I didn’t do a damn thing but wait.
Most people thought of Marguerite Lindenberry as a sweet, old fashioned woman who gardened and hummed her way through the day. She wore long cotton skirts decorated with small stitched forget-me-nots and sported anklets and black Mary-Janes. Think Mennonite school teacher or a Little House on the Prairie ‘barren’ aunt in her Sunday best. At least I think that’s what you should think. Clothing like that comes from a time and a place I know nothing about.
But I grew up next to her, and learned gardening from books as she criticized my efforts and found them wanting. Her narratives were unending and fueled by a hidden anger.
She:
Grew wild blue phlox and collected porcelain cows. (Sweet, so sweet.)

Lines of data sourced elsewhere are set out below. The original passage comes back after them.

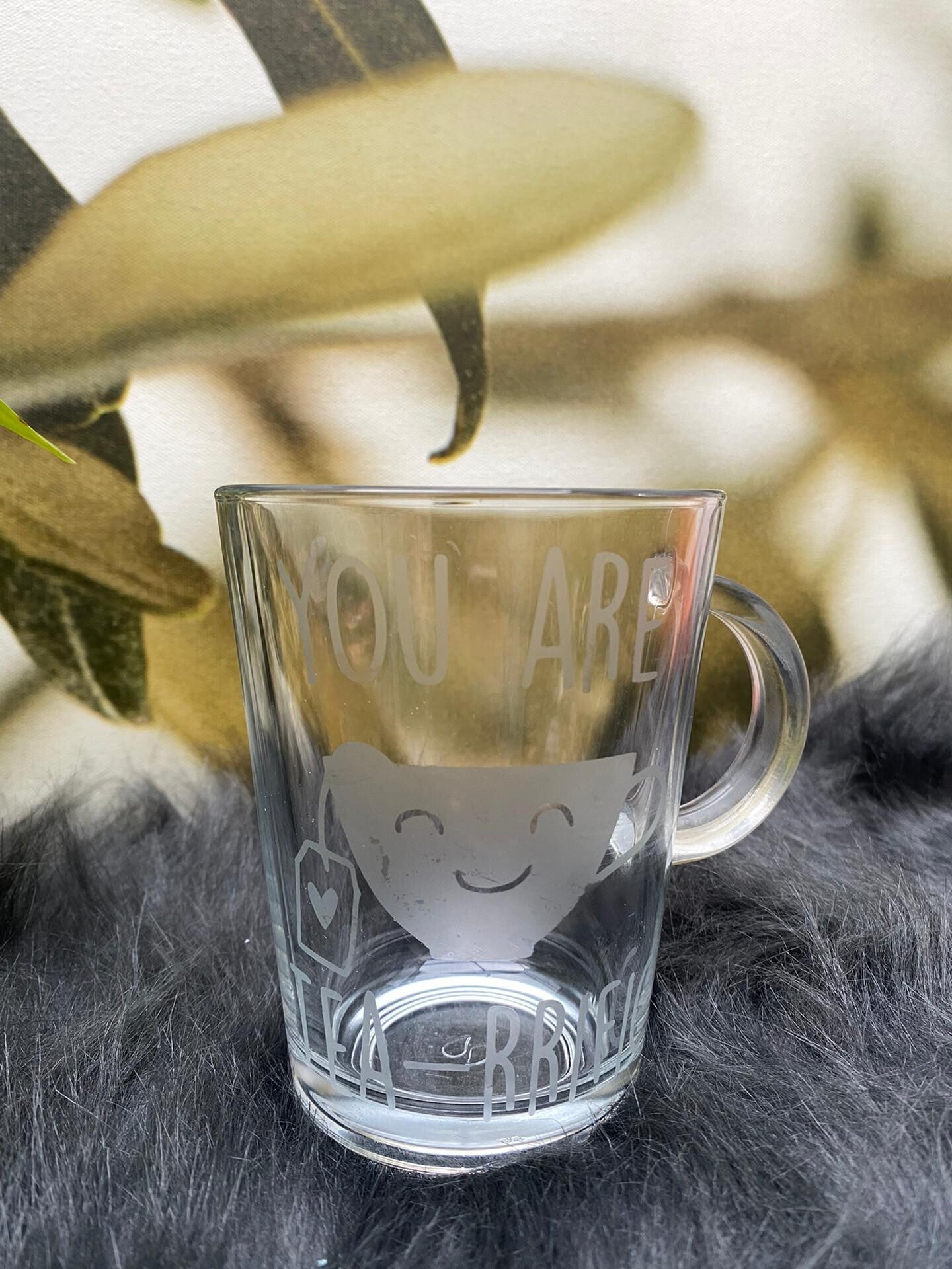 Wij kunnen theeglazen voorzien van een gepersonaliseerde tekst op maat of een opdruk op maat. Deze opdruk is permanent aangebracht en dus kan uw glas gewoon in vaatwasser.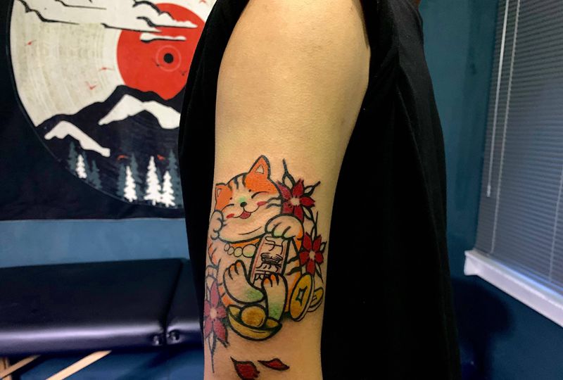 招财猫纹身图片_手臂手部Old School卡通纹身图案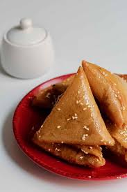 Pendant ce temps, plonger les triangles dans la friture pour 3 à 4 mn ( ou bien les enfourner pour 4 à 5 mn).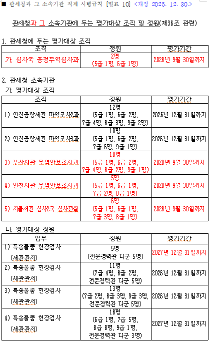 직제 시행개정안에 따르면, 관세청에 디지철 홍보기능 강화를 위해 6급 1명을 증원하고, 불공정 무역 대응을 위해 본청 심사국내 공정무역심사과를 오는 2028년 9월말까지 평가대상 기관으로 신설하면서 4급 1명·5급 1명·6급 1명을 증원하되 4급 1명은 기존 관세청 정원의 직급을 상향 조정한다.

Vacuumed her chemical waste site of a lawn with an Electrolux.
Placed the twigs and leaves she decided originated from our trees in piles on our property.
Sent registered letters threatening legal action unless we removed our ‘dirty’ tulip poplars.

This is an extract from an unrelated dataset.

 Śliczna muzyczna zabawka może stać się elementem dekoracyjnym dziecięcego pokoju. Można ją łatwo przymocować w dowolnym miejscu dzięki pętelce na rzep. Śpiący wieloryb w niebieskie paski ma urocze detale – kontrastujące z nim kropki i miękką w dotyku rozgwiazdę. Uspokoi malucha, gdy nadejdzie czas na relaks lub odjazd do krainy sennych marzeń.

Complained ceaselessly about my shrubs, my perennials, my earth shaking decision to plant deep purple impatiens instead of pale pinks ones.
Marguerite Lindenberry was a bitch with a sister-wife aura, who directed a whole lot of hostility towards my begonias.
So I got her.
On the side of our property was an old ramp, built with railroad ties and filled in with chipped gravel. The ties were rotting; yellow jackets love to build nests in old rotten wood and they did.
I did nothing but avoid the ramp. It was only a matter of time.
One day, while she was dropping off a pile of twigs...
In the end it was fewer than five stings, and a registered letter. I was very apologetic and got rid of the nest immediately, but after that I was more tolerant of her constant dissatisfactions.
Apparently river birches are “undesirable trees, with erratic growth patterns and invasive, downright disturbing roots. And I had planted one. What do I have to say for myself?”
“I’m sorry ma’am. I didn’t know.” And with that I handed her a smile and walked away.